Kopflose Protagonisten - Martels Blick auf die Gesellschaft
Wiederum vier Jahre später ist Martel erneut in Cannes zu Gast, wo sie ihren dritten Film "Die Frau ohne Kopf" zeigt, das Psychogramm einer Frau, die nach einem Unfall Fahrerflucht begeht. Martels bislang letzter Film "Zama" feierte vor zwei Jahren an dem Ort Welturaufführung, an dem sie nun über die Filme des Biennale-Wettbewerbs zu entscheiden hat: in Venedig.
In "Zama" stellte die Regisseurin erstmals einen männlichen Protagonisten in den Mittelpunkt: Don Diego de Zama fristet Ende des 18. Jahrhunderts als spanischer Kolonialbeamter ein mühsames Dasein. Sein sehnlichster Wunsch, die Versetzung in die Hauptstadt Buenos Aires, zerschlägt sich. Aus Verzweiflung schließt sich Zama schließlich der mörderischen Jagd auf einen gefürchteten Banditen an - und zahlt dafür einen hohen Preis.
"Zama" zeigt die Geschichte des Kolonialismus von einer anderen Seite
Auch "Zama" ist das Porträt eines Menschen auf der Suche - und wie immer bei dieser Regisseurin ein Film, der selbst auf der Suche scheint: nach einer schlüssigen Handlung und Spannung, nach der Welt hinter den vordergründigen Ereignissen, diesmal in der Hülle eines Historienfilms. "Das Prinzip der Desorientierung" gehöre zu Martels Markenzeichen, urteilte eine deutsche Zeitung nach der Premiere von "Zama" sehr treffend.
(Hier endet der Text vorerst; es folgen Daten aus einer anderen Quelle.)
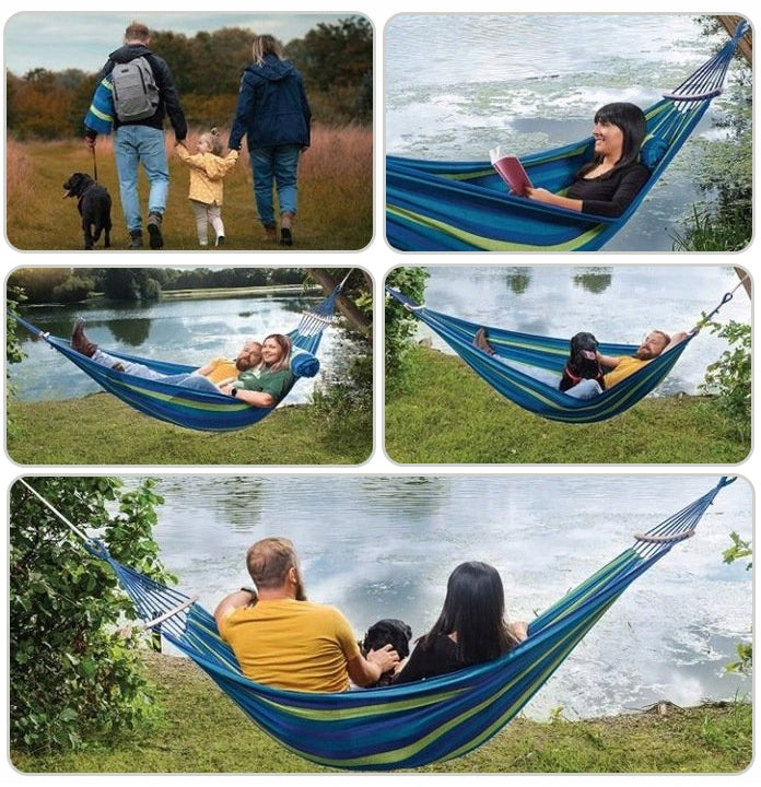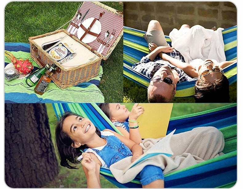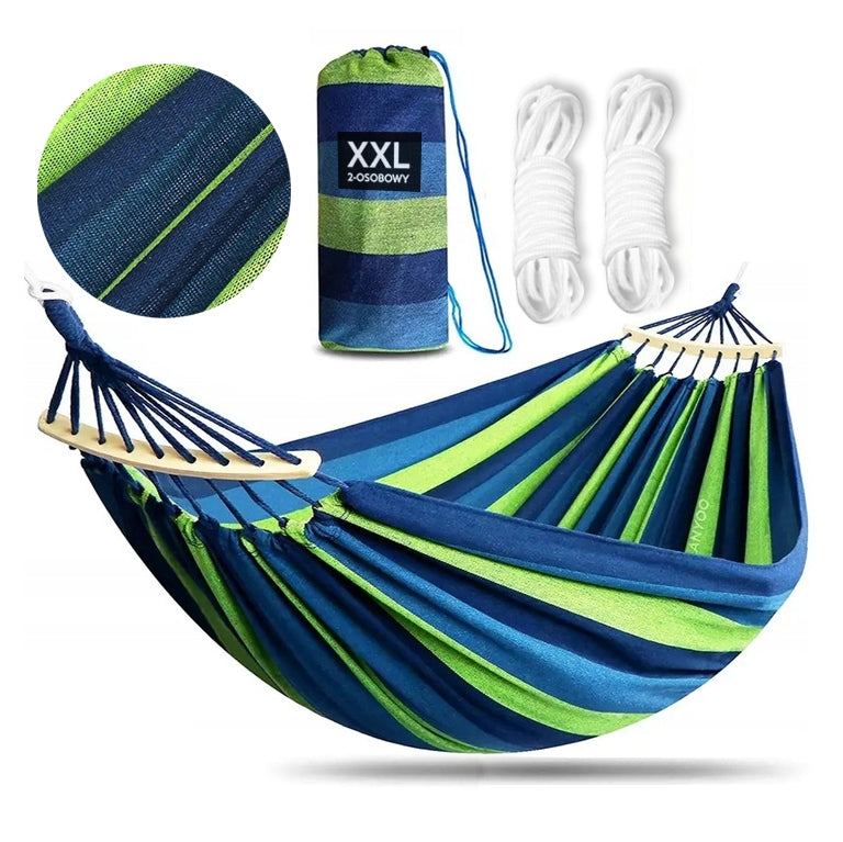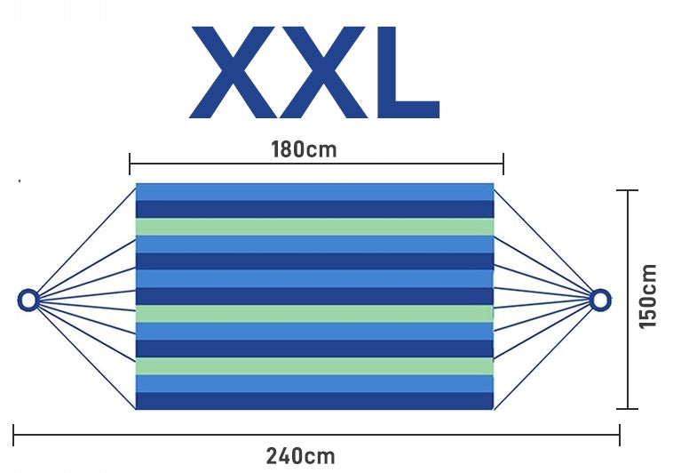Didelis hamakas dviems išlaikantis iki 200KG. Hamako ilgis 240cm ir plotis 150cm.

Martel selbst sagte über ihren bisher letzten Film: "Ich möchte die Vergangenheit mit der gleichen Respektlosigkeit erkunden, mit der wir sonst über die Zukunft nachdenken." Sie wolle versuchen, "nicht die einschlägigen Artefakte und Tatsachen zu dokumentieren - 'Zama' hegt so gesehen keinerlei geschichtswissenschaftliche Ansprüche - stattdessen möchte ich in eine Welt eintauchen, die auch heute noch unüberschaubar wirkt, mit Tieren, Pflanzen und uns heute unverständlich erscheinenden Frauen und Männern. Eine Welt, die bereits erschüttert war, bevor sie überhaupt gefunden wurde und die deswegen im Delirium verharrt."
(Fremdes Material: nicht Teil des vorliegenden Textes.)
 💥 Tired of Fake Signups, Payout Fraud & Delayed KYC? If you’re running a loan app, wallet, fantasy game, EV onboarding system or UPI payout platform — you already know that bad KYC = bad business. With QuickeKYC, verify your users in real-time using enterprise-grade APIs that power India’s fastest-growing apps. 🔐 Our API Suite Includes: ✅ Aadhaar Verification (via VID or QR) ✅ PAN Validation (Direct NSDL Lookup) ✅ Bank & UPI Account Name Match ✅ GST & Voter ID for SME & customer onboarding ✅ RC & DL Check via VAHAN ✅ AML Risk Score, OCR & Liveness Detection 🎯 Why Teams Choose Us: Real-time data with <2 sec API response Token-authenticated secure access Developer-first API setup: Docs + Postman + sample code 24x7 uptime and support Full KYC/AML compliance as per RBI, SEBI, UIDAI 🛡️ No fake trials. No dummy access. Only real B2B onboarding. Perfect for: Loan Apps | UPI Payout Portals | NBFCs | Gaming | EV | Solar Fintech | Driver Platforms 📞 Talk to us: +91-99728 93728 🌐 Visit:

Martels Filme sind nichts für ein unterhaltungssüchtiges Publikum
Man muss sich auf die sinnlich-atmosphärischen Filmwelten der Lucrecia Martel einlassen, Geduld für die langen Einstellungen mitbringen, für das Umherirren der Protagonisten in Raum und Zeit. Die Regisseurin verlangt nicht wenig von den Zuschauern, die im Superhelden- und Netflix-Zeitalter schnelle Schnitte, rasende Dialogkaskaden und viel Action gewöhnt sind.
Lucrecia Martel hat mit alldem nichts am Hut. Sie ist eine Autorenfilmerin reinsten Wassers, die ihre ganz persönlichen Geschichten in ihrem ganz eigenen Rhythmus erzählt. Man darf gespannt sein, welche Filme Martel und ihre sechs Jury-Kollegen am Ende des Festivals mit den Silbernen und dem Goldenen Löwen auszeichnen.
Die 76. Filmfestspiele von Venedig beginnen am 28. August und enden am 7. September mit der Preisverleihung. Lucrecia Martels letzter Film "Zama" liegt in der Originalfassung mit deutschen Untertiteln beim DVD-Anbieter "Absolut Medien" vor.